Preparing to pitch to early-stage investors

Tips and tricks to remember when preparing to pitch to early-stage investors

lisa-enckell

Author

Lisa Enckell

Lisa coaches founders on go-to-market strategies, product development, fundraising and more. She's based in Singapore but work closely with Antler's portfolio companies and the team all over the world.

Previously, she was the VP of marketing at Wrapp, a social gifting startup based in San Francisco and Stockholm. Lisa is an active angel investor and is part of Antler's investment committee. She has invested in companies such as Sunrise, Clue, and Opbeat.

Get to know your market

Seasoned investors have been burned in the past. That's what makes an investor experienced. Think of it as scars. When founders pitch a model that's failed in the past, we immediately raise a warning flag. It's not impossible to enter an area where many investors have been burned, but it's wise to know what you're getting yourself into. There are a few things we suggest you do as you prepare your pitch.

Examine the internet's graveyard

When looking at the competitive landscape remember to also look back a few years. What can you learn from others who have entered this area in the past? It's very useful to have a look at the internet's graveyard to see what people have tried to build in the past and at companies that stalled at a certain point. Try to talk to the founders or early employees to understand what they should've done differently. Many times, teams are too early, other times the numbers simply didn't add up.

Think globally

When you do your research look everywhere. Don't just look at your home market. Go to Product Hunt, search on Crunchbase, look at AppAnnie, browse Twitter and more. It's totally fine if others are building similar things, but it's not alright to not be aware of them. While your immediate market is regional, you can always learn a lot from looking at other geographical markets.

Learn from other industries

Many startups have similar business models or go-to-market strategies even if they're in different industries. As an investor, we try to put your company in one of the many familiar buckets we already know about. When you pitch a SaaS business model or a marketplace, we immediately know what questions to ask if you didn't address them in the pitch. It's useful to look at the best in class in your business model, not just your industry. Study what made them successful and then try to learn as much as possible. There's a lot of great content from the companies themselves, from VCs and from the traditional media. While we typically don't suggest that teams spend even more time doing desktop research, it is very useful to dig into specific use cases and learn from them. If you're part of Antler, your coach will likely introduce you to one of our many advisors who've been building or investing in something similar in the past.

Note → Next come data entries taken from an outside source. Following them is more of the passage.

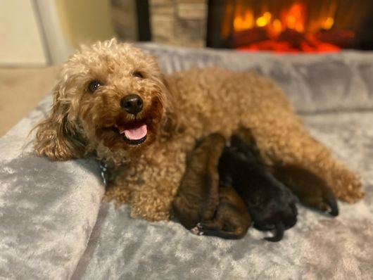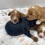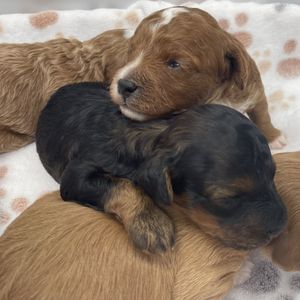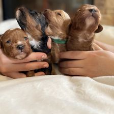 This stunning litter is as precious as they come! Devoted mommy Cupcake and Sweet daddy Kipper love to snuggle and are excellent companions, and their beautiful babies will be too. These gorgeous little ones are being raised under the watchful and caring eye of our family, and are be socialized with children and animals in the house. We believe a puppies upbringing begins with the care of the parents and the mother‘s health while they are in utero and raise them in a way we would want somebody to raise our own future canine family member. If you’re ready for your next companion, consider a cava poo as an excellent choice. Several puppies we have raised have gone home to be companion therapy dogs and also for retirees, families and singles alike. They will soon be ready to share their love with you.
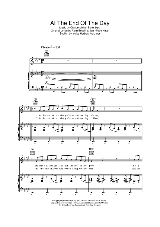 Digital Sheet Music for At The End Of The Day by Claude-Michel Schonberg, Herbert Kretzmer, Alain Boublil, Jean-Marc Natel scored for Piano/Vocal/Chords; id:401437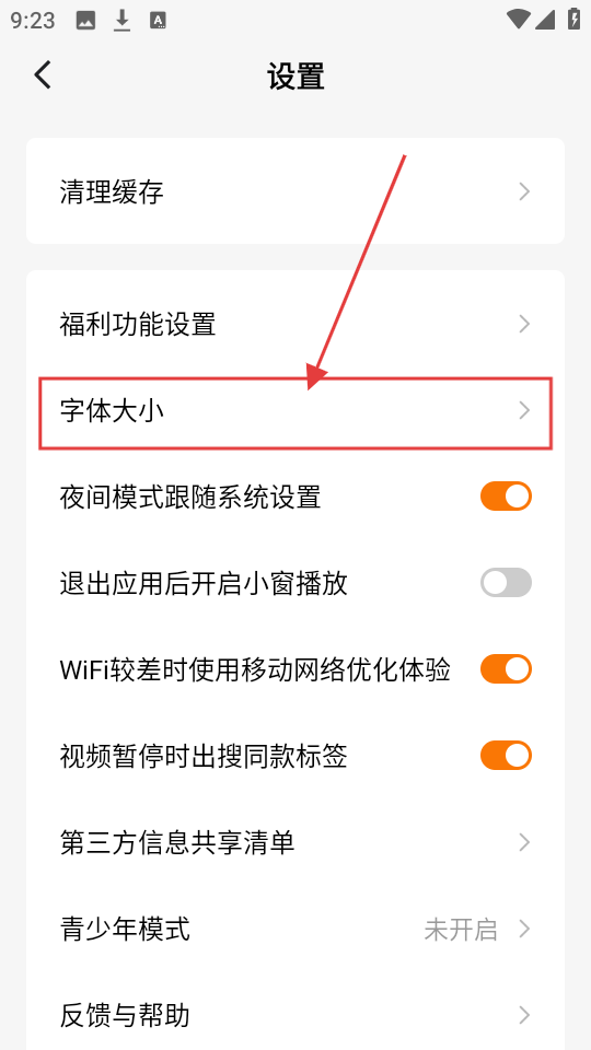 3、在设置页,点击【字体大小】,就能进入字体大小预览页面,选择合适的字体大小。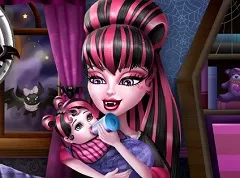 We go to the next game for today and bring you Draculaura the most popular character from Monster High. This new game that we have for you is a caring game, a game in which you get to see Draculaura as a grown women with a family, not as a teenager concerned about her make up. The day has come for Draculaura to be a mother and she is doing just fine with her new born cute baby. In the night the baby is waking up because it is hungry and Draculaura invites you to join her and give a helping hand so she can go faster to sleep, because tomorrow is a busy say for her. First of all you will help Draculaura entertain her little baby, feed him and eventually make him fall asleep. You will get the necessary instruction so that you can take care of the baby as needed. After the baby is asleep you have to decorate his room as you like, choosing whatever you want from de decoration offered. Draculaura is eager to see how will you manage with her baby, knowing that you will have fun!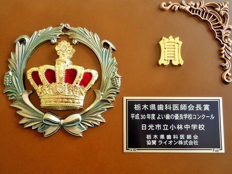 今年度もよい歯の優良学校コンクールで2つの賞をいただきました。一つは昨年もいただいた「栃木県歯科医師会長賞」で、もう一つは「栃木県教育委員会教育長賞」です。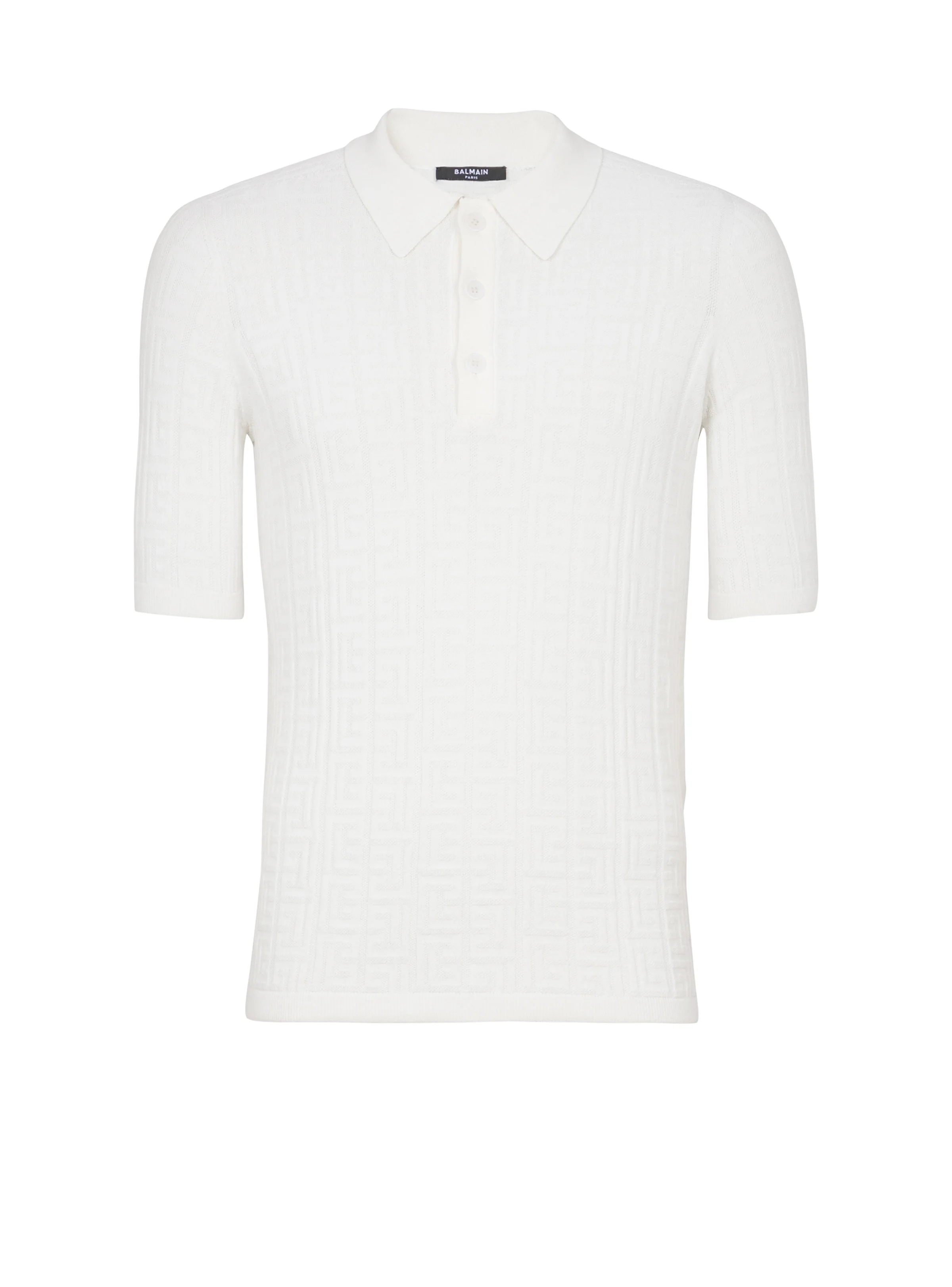 PB Labyrinth knit polo shirt - Ribbed polo collar - Fastening with 3 Balmain-engraved buttons - Short sleeves - Ribbed trim - Fitted cut - Model measures 190cm and wears a size M - Main material: 67% viscose 33% polyester - Made in Italy - Item: FH1GB067KI63100% of the viscose fibres used to make this garment come from certified, sustainably managed forests
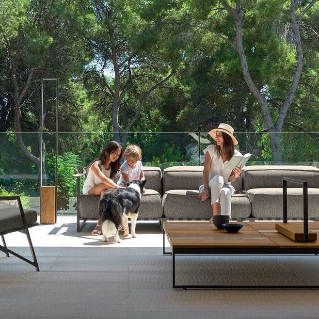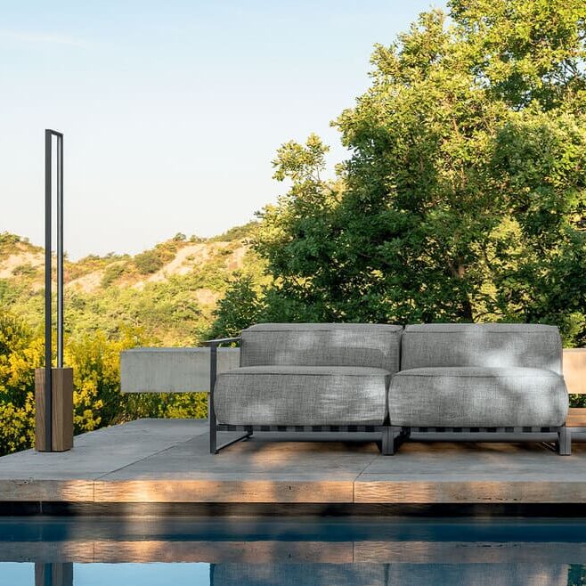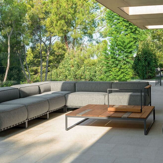 Divano modulare, Poltrona living, Lettino, Pouf, Daybed, Tavolini da caffè di diverse dimensioni (100 x 100, 140 x 70, 140 x 140), Sedie, Poltrone e Tavolo da pranzo di diverse dimensioni(200 x 100, 260 x 100, 150 x 150, 90 x 90), Sgabelli e Tavolo bar (125 x 70) ed infine le Lampade di 3 dimensioni (L, S, XS).

Image of Yaumi Fauziah presenting, founder from Singapore's second cohort
Yaumi Fauziah, founder from Singapore's second cohort

Talking and thinking about competition

Talking about the competition and how to position the new product in the market is often a challenge.

Competition is tricky because it's two-sided, it  both validates what you're doing, but it may also be your biggest threat. Don't compare yourself to your competitors by listing product features.

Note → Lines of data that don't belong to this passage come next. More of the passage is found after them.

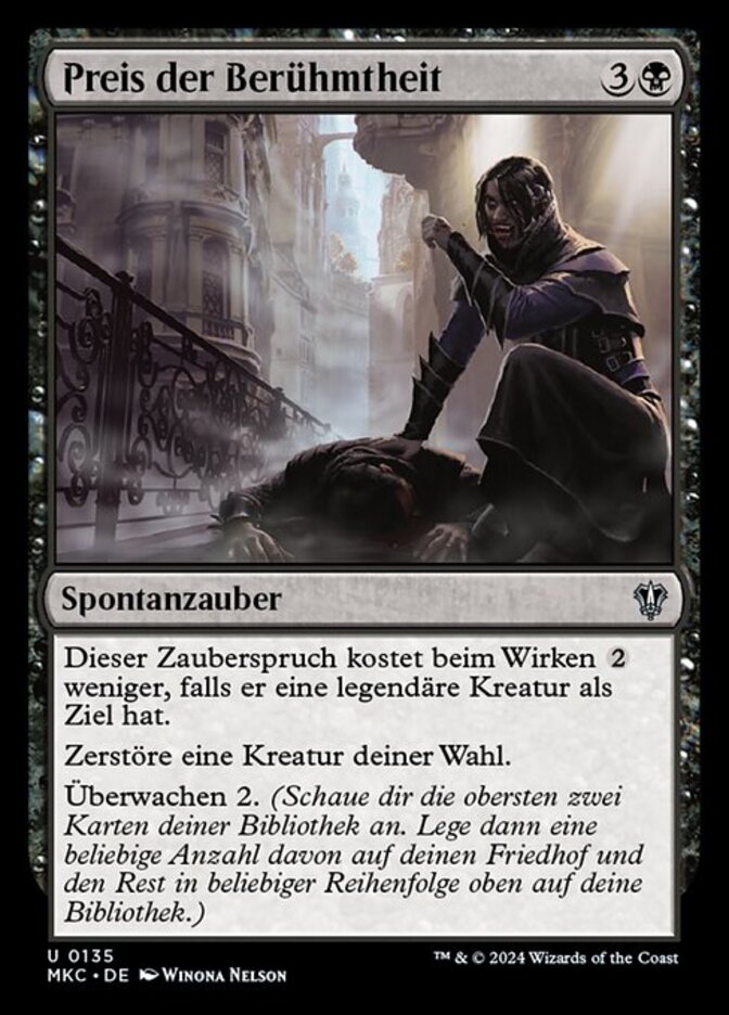 | Rules | This spell costs less to cast if it targets a legendary creature. Destroy target creature. Surveil 2. (Look at the top two cards of your library, then put any number of them into your graveyard and the rest on top of your library in any order.) |
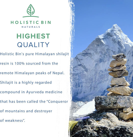 Holistic Bin Black Platinum Shilajit Resin | Purest Himalayan Resin with Fulvic & Humic Acid | Easy to Mix | Includes Serving Spoon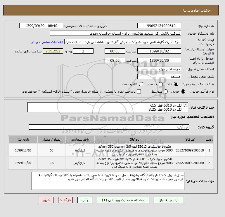 شرح کلی نیاز: الکترود 6010 قطر 2.5-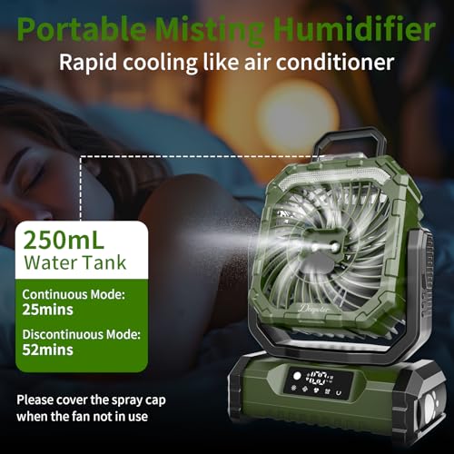 Camping Ventilator 20000mAh, Wiederaufladbarer Tischventilator USB Ventilator mit LED Licht & Haken, 270° Drehung mit Fernbedienung, Misting Fan für Outdoor, Zelt, Grillen, Strand – Grün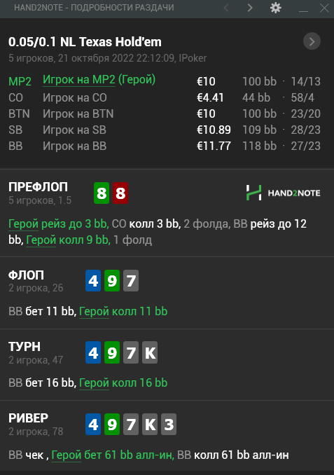 Мы открываемся с MP с рукой 88 стандартным сайзингом 3бб, нас коллирует фиш на CO, BU и SB фолд, рег на BB 3бет сквиз 12бб. Сайзинг для сквиза маловат, мы нажимаем колл согласно префлоп модели, фиш фолд.

Graph illustrating a comparison of features inherent to or not present amongst different competitors
Do not do this example

A common slide in a pitch deck is this overview of all the features a company wants to build in a matrix with some of its competitors. You're the only one offering them all. This is a bad way of framing competition for a couple of reasons.

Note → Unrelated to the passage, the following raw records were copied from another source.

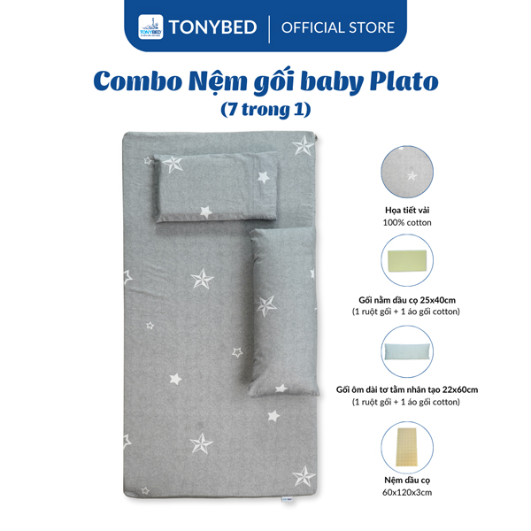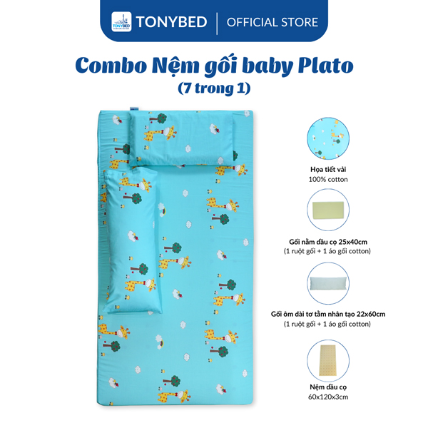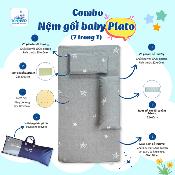 Trọn bộ nệm gối baby Plato gấp gọn 7 trong 1 thông minh và tiện lợi của Tonybed bao gồm: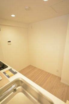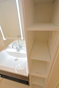 キッチン横にあるサニタリールームです。左から収納棚+洗面化粧台、右側には洗濯機置き場、バスルームとなっています。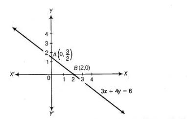Draw the graph of the linear equation 3x + 4y = 6. At what points, the graph cuts X and K-axes?
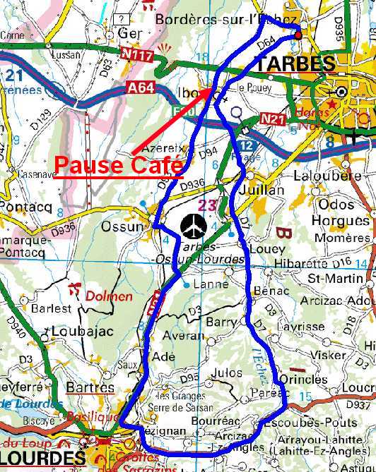 | Bordères, Ibos, Juillan, Louey, Bénac, Orincles, TaD D937, Lourdes, Adé, Ossun, Azereix, Ibos (Pause CAFÉ), bas du Bois du Commandeur, Bordères. |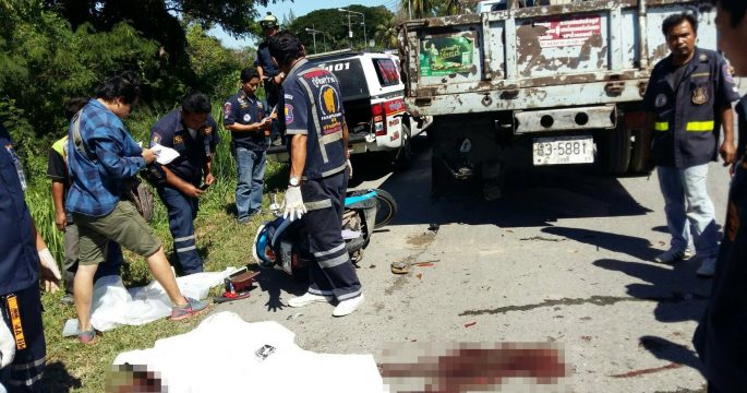 นักศึกษา กศน.ขี่ จยย.ซ้อนท้าย 5 คน พุ่งชนท้ายรถหกล้อที่จอดรอเลี้ยวเข้าซอย ตาย 3 บาดเจ็บ 2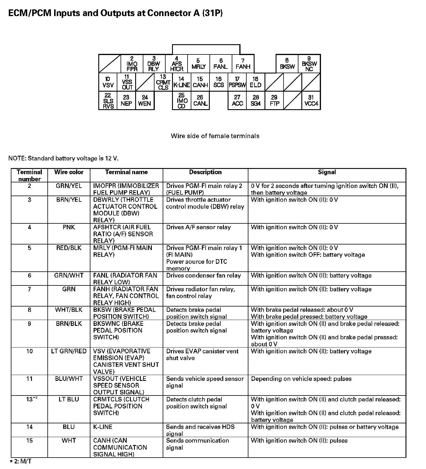 ECM/PCM Inputs And Outputs At Connector A (31P) Part 2: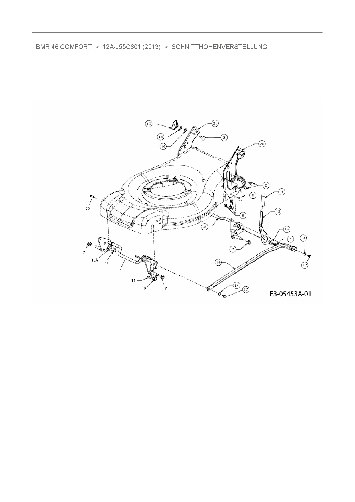 Ersatzteile für Motormäher mit Antrieb Plantiflor BMR 46 Comfort aus der Zeichnung Schnitthöhenverstellung:

1. When you're just starting out, you don't want to focus on five different areas and try to beat the competition in all of them, you want to be laser-focused. Trying to do everything at once will distract you.

2. You don't compete with features; you compete by solving the problem in a better way. Focus on the problem you solving instead of what features you and others offer.

3. With a new product, your biggest threat is the status quo. It's hard to change people's behaviour, that's what you're up against. Investors want to be convinced that your way of solving a problem is so much better it will get people to change the way they are doing things. How you will go about that is much more interesting than comparing features against other products.

4. Customers buy the entire package. That includes the brand, distribution channels and who the people in the team are. If you're talking about competition, the list of interesting things to bring up before individual features is pretty long.

5. If you're really onto something with your unique combination of features, nothing stops others from building those features too.

Building a better product than your competitors is great, listing random product features is not.

It's ok to not have all the answers on the spot

During the pitch, it's easy to get defensive if you get a question, you can't really answer, and to try to make something up on the spot. Don't. It's better to stay honest and say that you haven't thought that through, that you don't know yet, or that you don't have all the data, but here's a plan for how to get it. See the questions as an opportunity to convince the ones that need convincing. Questions are sometimes asked because of a simple misunderstanding or because something wasn't clear. They are not asked to be evil or try to put founders on the spot.